HEFFNER: Let me ask you a very different area of question and we only have four or five minutes left. About the young people who are thinking or who might have been thinking about medicine. What are the words of advice and I raise the question because so many of my friends who are doctors tell me … they tell their children, “don’t go into medicine”.

BACH: Yeah, it’s interesting. I, I have a young child … and we’re still working on whether he’s going to be a professional soccer player or a fireman. But I … it’s a tremendous profession … it’s tremendously rewarding, I wouldn’t trade it for anything. You know, like I said, the old days of medicine with the doctors having the houses on the water are gone. The, those houses now belong to people who create financial instruments, or figure out how to get people to click on internet ads. And that’s a reality. That’s a sad reality.

A friend of … a colleague of mine and I propose that we create a different structure for paying for medical school where we essentially could make it free for people. And I think that would be an important part of making medical school work and being a doctor work.

Because right now we have this mis-match between a very heavy debt burden that people take on to go to medical school and really a, a very bad way of trying to pay that back. Because many of the professions that are desirable for other reasons … like primary care … pay at such low rates that really taxes people and serves as a disincentive and drives people to specialize probably more than we need.

HEFFNER: I, I was aware of your colleague and your thought about this. Any reaction to it?

BACH: It, it’s actually been tremendous and we have spoken to people, you know, in Washington about it, as well as many of the organizations who worry about many aspects of medical school as well as fellowship training because if you remember, part of the proposal was actually to shift who got paid when they were doing their specialty and some specialty training.

And I actually … you never know, but I feel like it’s something that could be done, is desirable, we think is do-able within the Medicare regulations. That matters because Medicare pays for some specialty and specialty training through things called Indirect Medical Expenditure Reimbursements.

But, you know, it’s … I believe it’s a fully logical idea that pays for itself and would have numerous positive benefits. Anyone who’s been around healthcare policy will say “Oh, those are the parameters that guarantee its failure”, but … ah … I’m not yet that cynical.

HEFFNER: If I remember correctly, you weren’t talking about an outrageously expensive proposition here.

BACH: No, it’s a “wash”, actually … as currently constructed.
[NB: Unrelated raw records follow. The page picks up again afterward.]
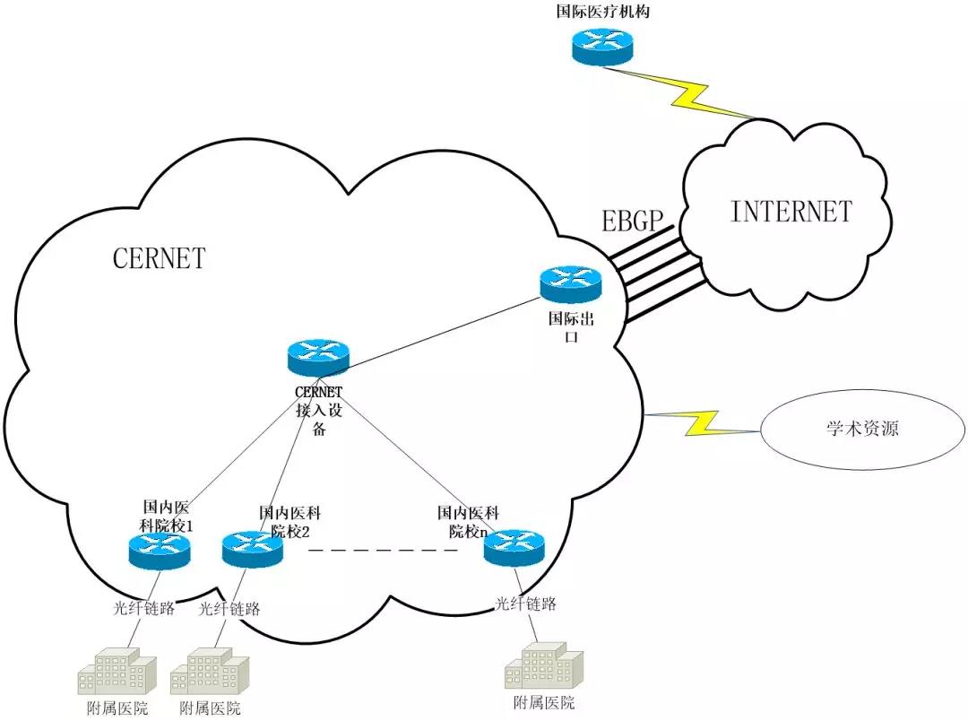 图1:国内外医疗院校网络拓扑图
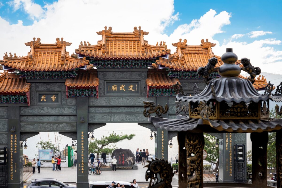 ▲全新開通的「日月潭環湖線」以純電動大客車行駛,串聯水社綜合商場、玄光寺、慈恩塔、伊達邵碼頭及文武廟等重要核心景點。
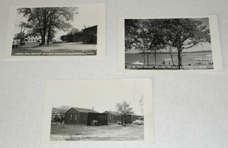 | 13527 | Anon. | Cedar Mill Resort On Lake Texoma, Gordonville, Texas, 3 real picture postcards | Anon. | Very good. | Three real picture postcards of Cedar Mill Resort On lake Texoma, Gordonville, Texas. Written on the back of the cards is vacation, May, 1958. A 1957-8 Plymouth is parked in front in one picture. | Cedar Mill Resort, Lake Texoma, Gordonville, Texas, Photography, ephemera | $20 |
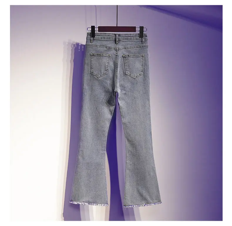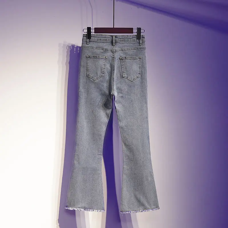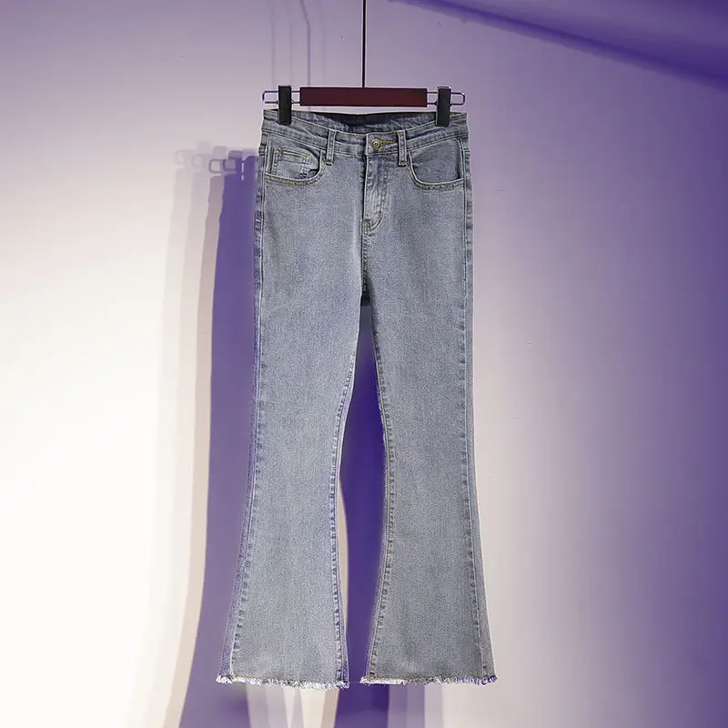 Женские Новые Винтажные эластичные расклешенные джинсы с высокой талией, женские повседневные джинсовые длинные брюки-годе для женщин
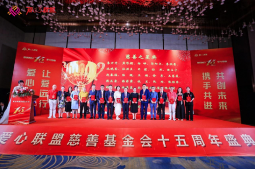 下午,愛心聯盟慈善基金會成立十五周年盛典隆重舉行。全國勞動模范、全國五一勞動獎章獲得者、全國道德模范、吉林省工商聯副主席、吉林省河南商會會長、愛心聯盟慈善基金會理事長李萬升,河南省政府駐上海辦副主任胡華杰,哈爾濱市政府駐上海辦經協處處長田磊,中國浦東干部學院黨建研究中心主任吳濤,上海中信國旅總經理羅良剛,山東馳恒投資發展有限公司董事長王久紅,昆山物流協會會長孫喜,來伊份股份有限公司高級副總裁趙漢利,新希望集團草根資本投資部部長許云龍,上海歐邦醫療管理有限公司創始人崔海茹,眼界(上海)健康管理有限公司創始人謝攖寧,浙江省有機產業協會理事長胡珊,上海妃魚股份高級副總裁李財鋒,愛心聯盟慈善基金會執行理事長楊崢,以及上海市工商聯直屬商會和各省市在滬異地商會秘書長等來自全國各地的精英和愛心聯盟成員300余人歡聚一堂,共同慶祝愛心聯盟慈善基金會成立十五周年。
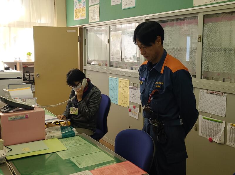 まずはシェイクアウト訓練(まず低く→頭を守り→動かない)を行い、避難経路を再確認しました。今回は事務室からの通報訓練も行いました。実際に消防士の方にも見ていただきました。
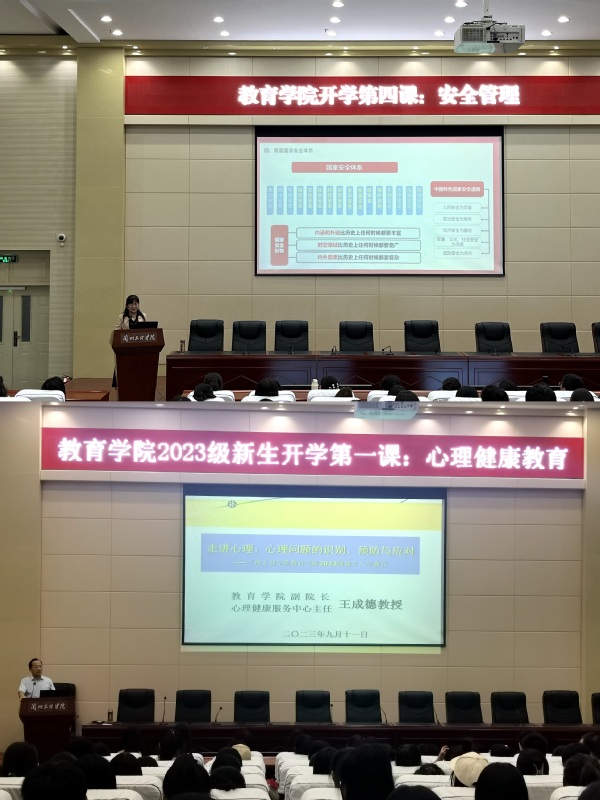 为深入贯彻落实党的二十大精神,指导和帮助2023级新生尽快了解和适应新环境,明确大学阶段学习目标,科学规划学习生活,以积极阳光心态迈好坚实的第一步,伟德结合新生入学教育安排,于9月11日-9月26日,举办“筑起人民防线,维护国家安全”“走近心理:心理问题的识别、预防与应对”“新起点、新征程—做一名合格的老员工”“老员工职业生涯规划”四场专题讲座。讲座分别由公司党总支书记、经理张莉、副经理王成德、副经理彭建奎、副经理李生彪主讲,2023级187名新生参加。
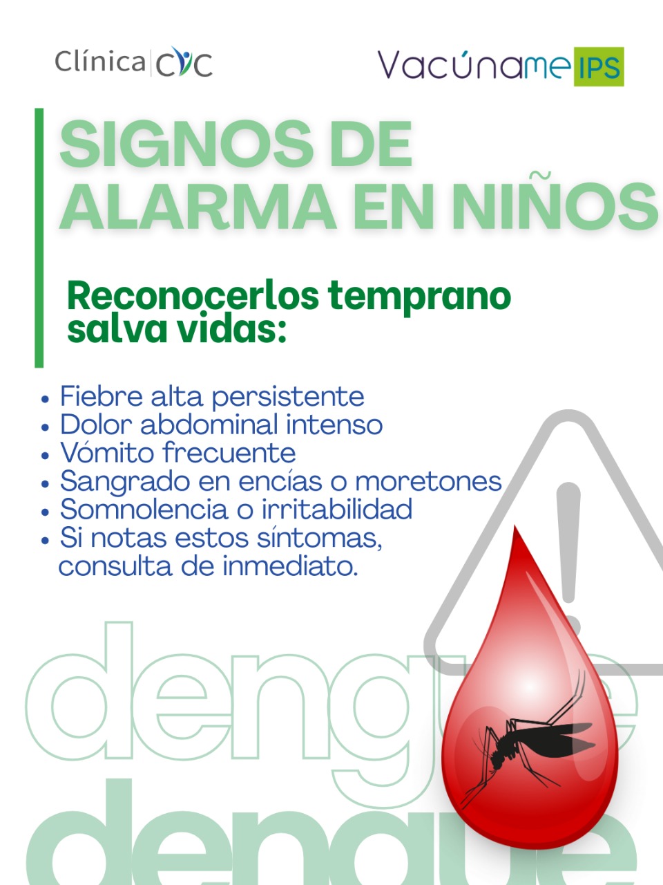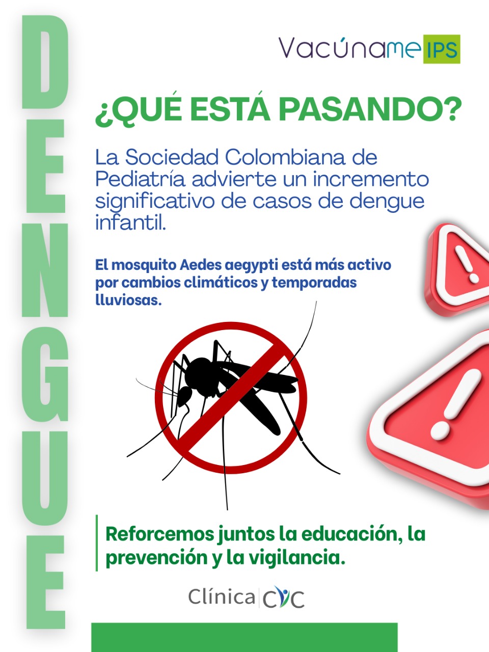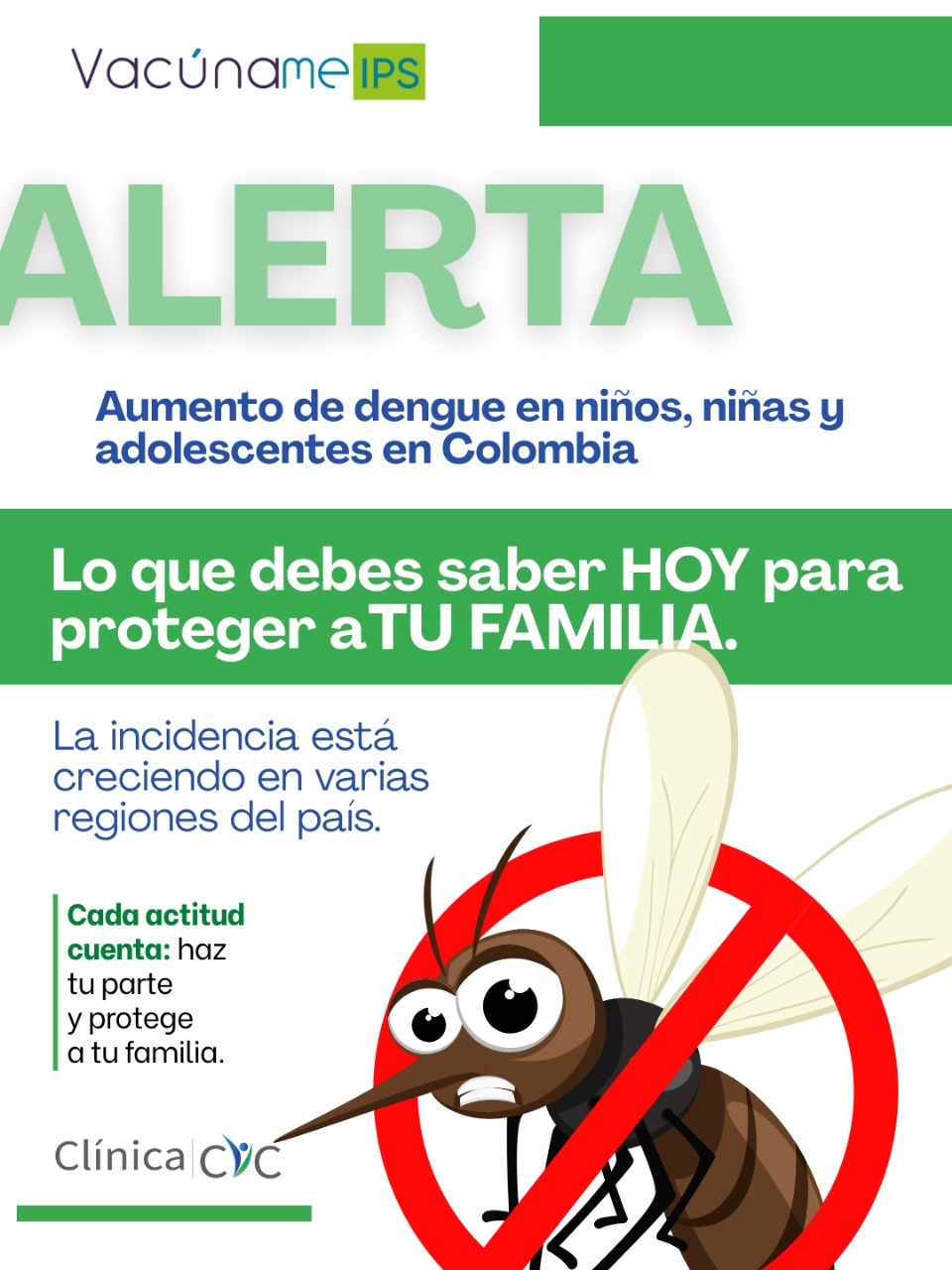 Alerta por el aumento de dengue en niños, niñas y adolescentes en Colombia. Conoce los signos de alarma, las medidas de prevención y las acciones clave para proteger a tu familia y actuar a tiempo.
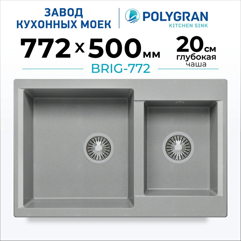 Мойка Brig-772 Polygran – вместительна и удобна в эксплуатации. Модель объединяет в себе основную и дополнительную чаши. Ее глубина позволяет мыть габаритную посуду без брызг. Изготовлена из искусственного камня, что обуславливает бесшумность и долговечность.
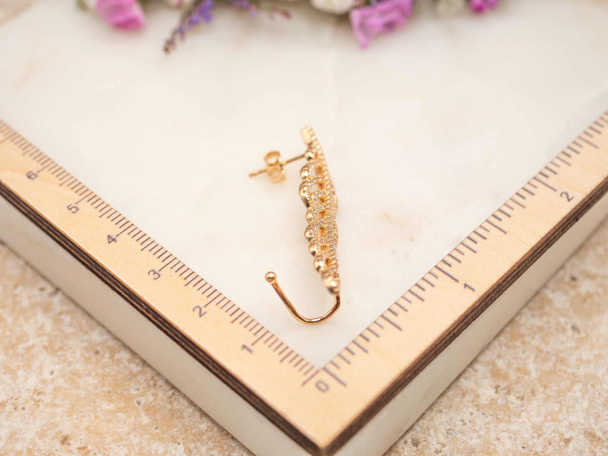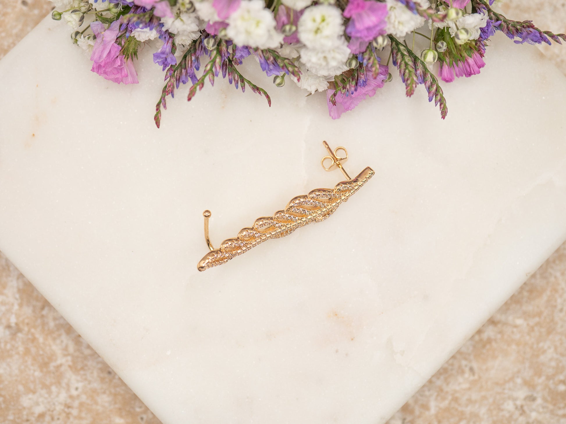 Drama, c’est la boucle qui grimpe le long de l’oreille comme un secret bien gardé — un éclat théâtral, baroque et un brin rebelle. En plaqué or 18 carats, sa courbe délicatement ascendante épouse l’oreille avec élégance, tandis que ses zirconiums facettés captent la lumière comme les projecteurs d’un théâtre de Soho.
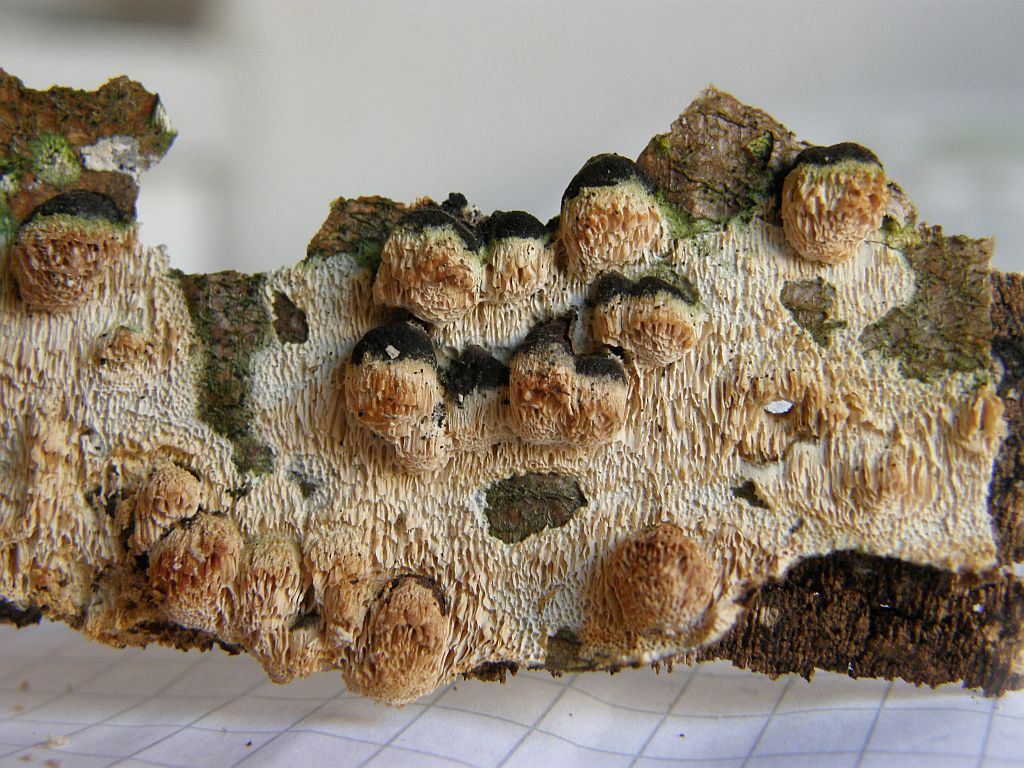 Das labyrinthische Aussehen der weichen, leicht abzureißenden Poren erinnerte mich an Schizopora paradoxa, aber auffallend fand ich die zahlreichen rundlichen, oben schwarzen Knubbel - siehe Fotos. Bei näherem Hinsehen denke ich, daß es sich um irgendeinen Pyreno oder kohlenbeerenartigen Pilz handelt, der sich seinen Weg durch den labyrinthischen Bezug an die Oberfläche sucht - aber innen sind die Knubbel nur schwarz und nix weiter zu finden. Der labyrinthische Überzug läuft zum Rand hin flach aus und läßt sich relativ leicht abziehen.
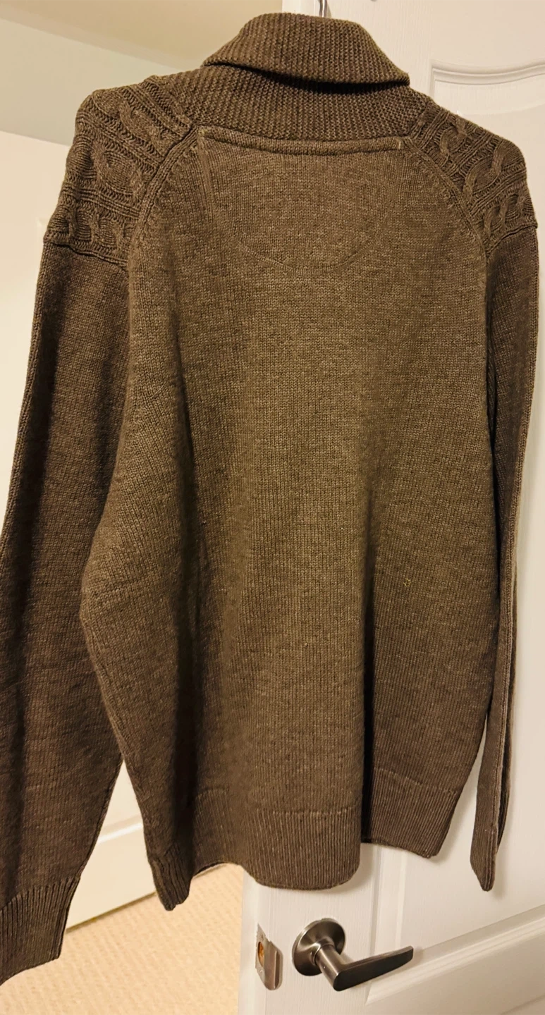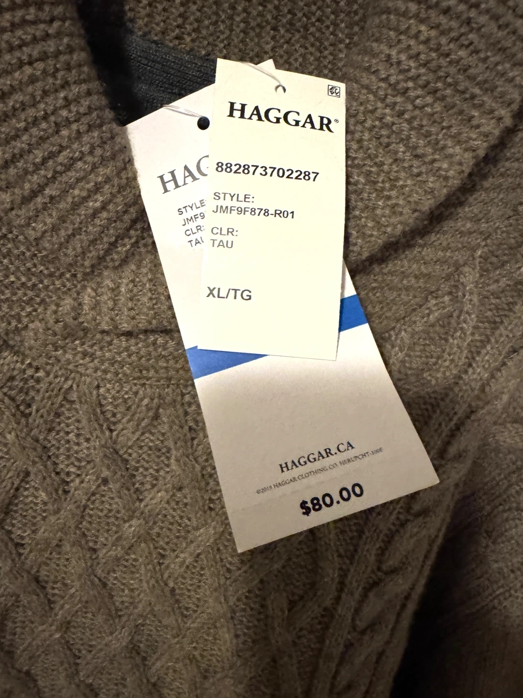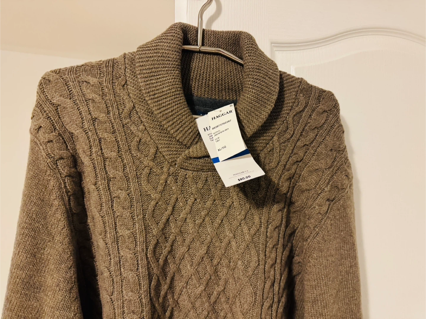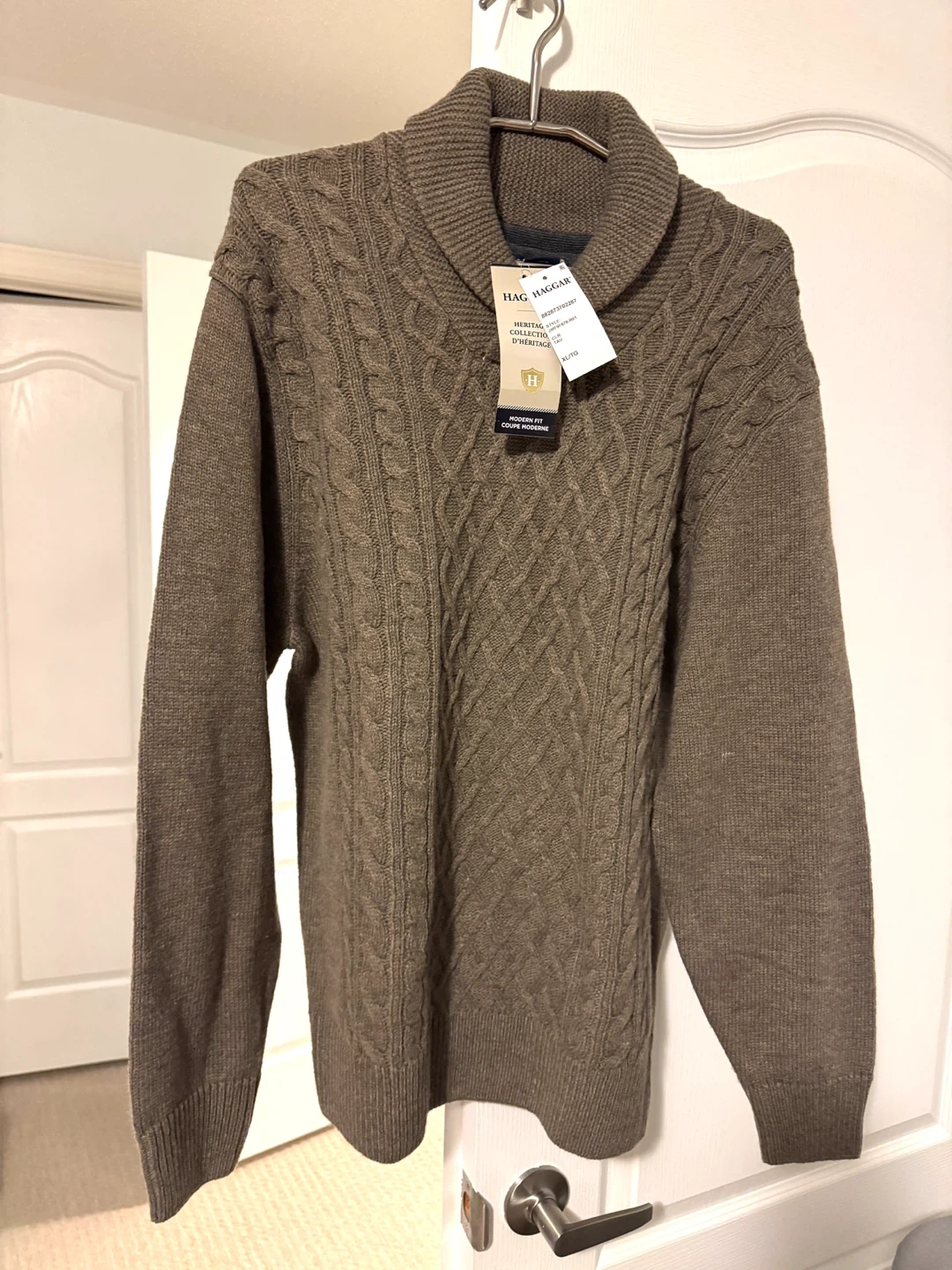 This is a Haggar men's shawl collar sweater. It's a taupe colour with a cable knit design. The size is XL/TG and it's part of their Heritage Collection. It's a modern fit sweater.

HEFFNER: Nothing is a “wash” … but …

BACH: No, it is, in this case. The cost … the full cost of educating people in medical school right now, on an annual basis is the same as the cash compensation of people doing some specialty training. Like within a few dollars. And, so all we proposed was medical school is free if you do some specialty training … like primary care … you get paid during that specialty training. But if you go on to sub-specializing …something like pulmonary medicine … my specialty … during that training period, instead of getting a salary … you would get nothing. You’d get benefits, but that would be the time you would take out loans to pay for your life.

And … because when you come out as a pulmonologist you’re well … much better compensated then when you come out as a primary care physician. The debt burden for financing medical school would sit on the people who went into higher paying professions like pulmonary medicine.

HEFFNER: Dr. Bach I hope that you get more and more people to pay attention to what you’re suggesting. Meanwhile I want to thank you for joining me again on The Open Mind.

BACH: It’s my pleasure. Thank you for having me.